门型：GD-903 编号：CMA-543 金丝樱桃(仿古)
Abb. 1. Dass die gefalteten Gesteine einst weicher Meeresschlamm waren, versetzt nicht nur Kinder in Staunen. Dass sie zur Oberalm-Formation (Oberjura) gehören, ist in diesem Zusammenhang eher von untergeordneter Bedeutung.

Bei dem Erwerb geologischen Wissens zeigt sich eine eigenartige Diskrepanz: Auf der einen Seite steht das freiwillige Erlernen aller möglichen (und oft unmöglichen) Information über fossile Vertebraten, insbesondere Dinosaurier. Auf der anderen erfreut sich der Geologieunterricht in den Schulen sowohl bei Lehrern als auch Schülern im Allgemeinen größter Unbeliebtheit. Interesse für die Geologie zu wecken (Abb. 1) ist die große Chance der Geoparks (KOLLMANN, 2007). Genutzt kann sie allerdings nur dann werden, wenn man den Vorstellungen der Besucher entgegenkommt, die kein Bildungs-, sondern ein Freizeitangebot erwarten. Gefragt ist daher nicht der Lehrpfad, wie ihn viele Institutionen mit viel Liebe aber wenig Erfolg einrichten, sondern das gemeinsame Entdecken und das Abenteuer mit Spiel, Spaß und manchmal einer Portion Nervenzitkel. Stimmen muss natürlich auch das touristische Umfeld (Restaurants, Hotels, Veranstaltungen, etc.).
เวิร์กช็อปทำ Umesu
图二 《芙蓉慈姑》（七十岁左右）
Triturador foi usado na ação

--

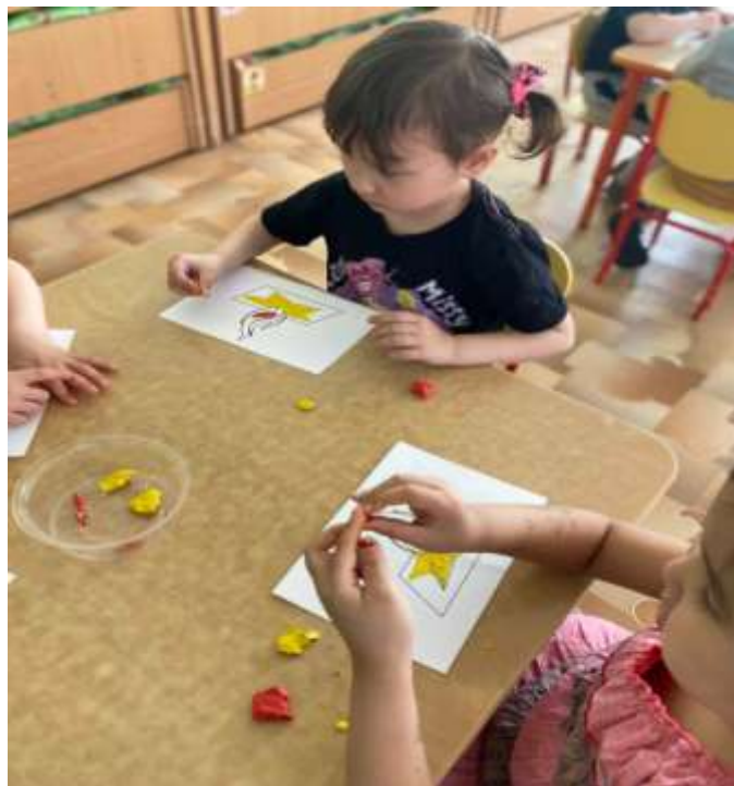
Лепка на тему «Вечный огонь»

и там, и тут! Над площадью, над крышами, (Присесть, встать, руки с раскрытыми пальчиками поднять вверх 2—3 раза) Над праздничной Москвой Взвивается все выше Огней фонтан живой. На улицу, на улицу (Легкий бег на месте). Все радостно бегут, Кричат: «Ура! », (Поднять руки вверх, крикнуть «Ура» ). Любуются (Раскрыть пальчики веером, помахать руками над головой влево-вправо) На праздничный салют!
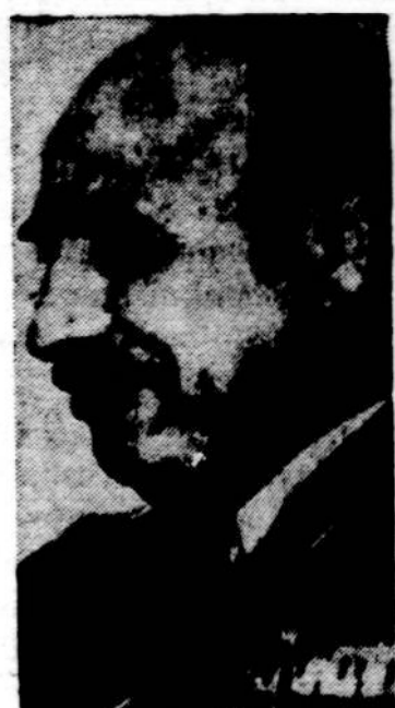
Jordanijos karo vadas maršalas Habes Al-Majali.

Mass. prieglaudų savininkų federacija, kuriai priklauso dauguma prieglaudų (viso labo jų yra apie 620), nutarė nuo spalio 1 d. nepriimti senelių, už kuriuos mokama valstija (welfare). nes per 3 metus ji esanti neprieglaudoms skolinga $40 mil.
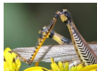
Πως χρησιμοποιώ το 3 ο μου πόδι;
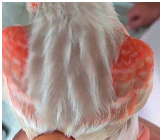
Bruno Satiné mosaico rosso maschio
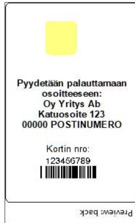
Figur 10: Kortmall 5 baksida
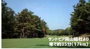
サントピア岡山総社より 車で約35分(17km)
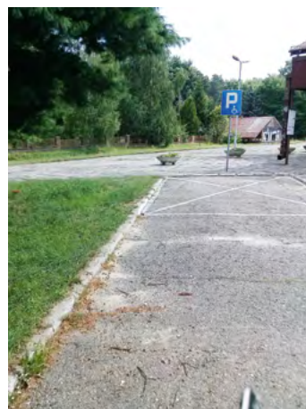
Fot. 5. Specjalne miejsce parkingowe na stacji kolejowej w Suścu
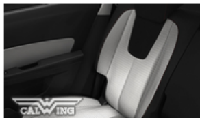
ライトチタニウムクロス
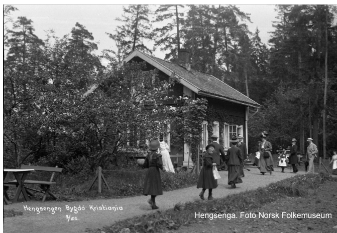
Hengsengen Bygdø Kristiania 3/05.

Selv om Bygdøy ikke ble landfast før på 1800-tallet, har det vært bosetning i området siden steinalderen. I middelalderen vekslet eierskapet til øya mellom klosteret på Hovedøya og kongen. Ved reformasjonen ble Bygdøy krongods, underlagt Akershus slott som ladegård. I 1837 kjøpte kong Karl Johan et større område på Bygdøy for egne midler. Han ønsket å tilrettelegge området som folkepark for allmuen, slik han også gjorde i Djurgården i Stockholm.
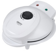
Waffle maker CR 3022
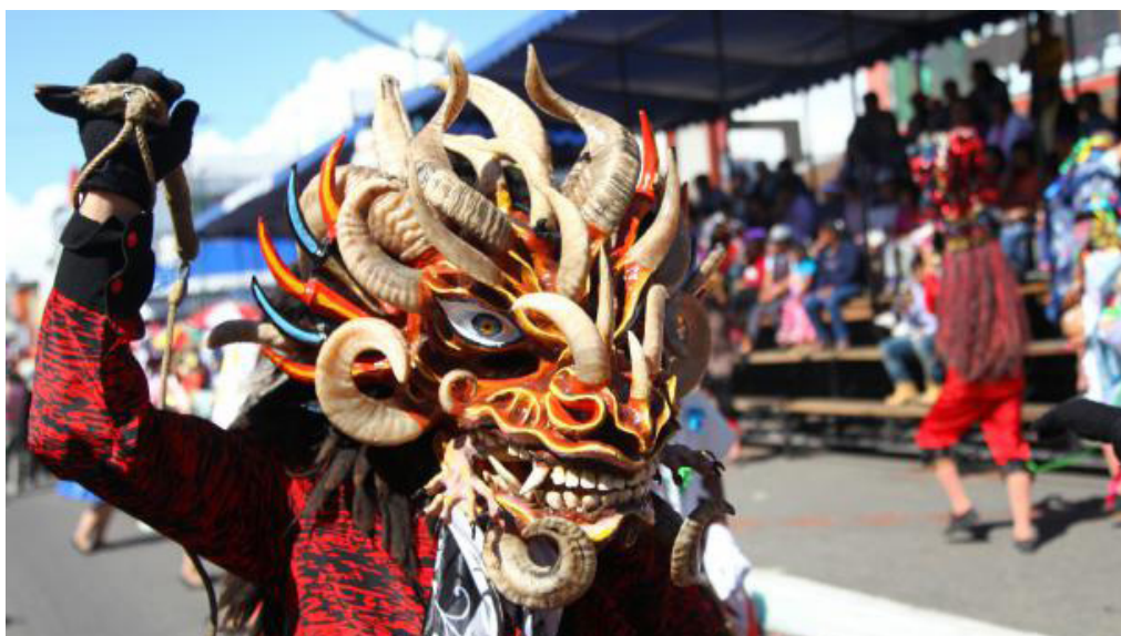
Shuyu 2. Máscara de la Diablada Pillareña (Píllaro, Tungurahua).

▸ How to complete this task: Write out, word for word, the stretch of entries that begins at the line with "Waffle maker CR 3022" and ends at the line with "Shuyu 2. Máscara". Pictures do not belong in it.

▸ Result below:
Waffle maker CR 3022
Shuyu 2. Máscara de la Diablada Pillareña (Píllaro, Tungurahua).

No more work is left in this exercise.